Photo du film "Il était une fois en Anatolie"

 « Il était une fois en Anatolie » du cinéaste turc Nuri Bilge Ceylan (2011) passe actuellement sur les écrans londoniens.

 Le point commun entre le film de Ceylan et « il était une fois dans l’Ouest » de Sergio Leone, c’est le temps qui s’écoule lentement dans d’immenses espaces.

 La photographie de « il était une fois en Anatolie » est d’une exceptionnelle qualité, qu’il s’agisse de restituer la beauté des collines plantées de céréales ou les nuances et les changements brutaux d’expression de visages.

 A la nuit tombante, un convoi de trois véhicules s’arrête en rase campagne à proximité d’une fontaine. Il y a là un procureur, un médecin, plusieurs policiers, des gendarmes, des ouvriers chargés d’une pelle et deux hommes menottés. Il s’agit de retrouver le cadavre d’un homme que les suspects ont avoué avoir assassiné. Mais – effet de l’obscurité, trou de mémoire ou mauvaise volonté – le lieu de l’ensevelissement reste introuvable. La petite troupe erre d’un endroit à l’autre jusque tard dans la nuit. Les policiers, commandés par Naci (Yilmaz Erdogan), passent à tabac le suspect, Kenan (Firat Tanis) dont ils pensent que le silence n’est que manipulation.

 On décide de s’inviter pour une pause repas chez le maire du bourg où a eu lieu le meurtre.
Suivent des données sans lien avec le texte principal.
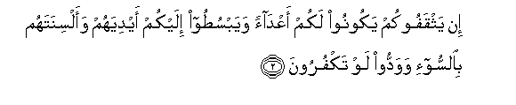 2. In yathqafookum yakoonoo lakam aAAdaan wayabsutoo ilaykum aydiyahum waalsinatahum bialssoo-i wawaddoo law takfuroona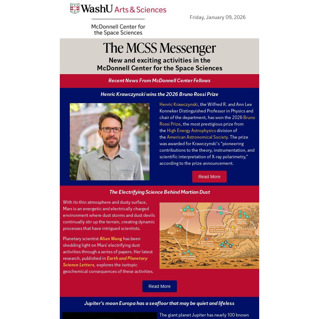 Henric Krawczynski, the Wilfred R. and Ann Lee Konneker Distinguished Professor in Physics and chair of the department, has won the 2026 Bruno Rossi Prize, the most prestigious prize from the High Energy Astrophysics division of the American Astronomical Society. The prize was awarded for Krawczynski’s “pioneering contributions to the theory, instrumentation, and scientific interpretation of X-ray polarimetry,” according to the prize announcement.

Une panne d’électricité plonge la maison dans le noir. On s’éclaire à la bougie. La fille du maire, une adolescente splendide, brise l’armure du monstre, Kennan. Il s’effondre en larme, reconnait être le père de l’enfant de l’homme qu’il a tué et emmène la troupe au lieu de l’ensevelissement.

 Le dernier tiers de ce film de deux heures et demie se déroule au petit matin, à l’hôpital où le médecin, le docteur Cemal (Muhammat Uzuner) va pratiquer l’autopsie. Les protagonistes sont épuisés. Le procureur (Taner Birsel) est bouleversé. En parlant avec Cemal, il a découvert qu’une amie (mais qui n’est probablement autre que sa propre femme) qui avait prédit au jour près la date de sa mort, se l’était probablement donnée pour le punir de ses infidélités.

 Cemal pratique l’autopsie et dicte ses conclusions. Des traces de terre dans les poumons de la victime laissent entendre qu’il a pu être enterré vivant. Cemal décide de passer cela sous silence. Pourquoi ? Par humanité pour un assassin dont la nuit a révélé que le monstre cachait un être sensible ? Ou parce que ce médecin de la ville vient de se naturaliser dans ce bourg d’Anatolie au point de préférer l’omerta au scandale ?

 « Il était une fois en Anatolie » est l’un de ces films où en surface le temps s’étire et où aucune action ne se passe, mais où les personnages font, en accéléré, une transhumance d’un état mental à l’autre. C’est incontestablement un chef d’œuvre, récompensé par le Grand Prix du Festival de Cannes.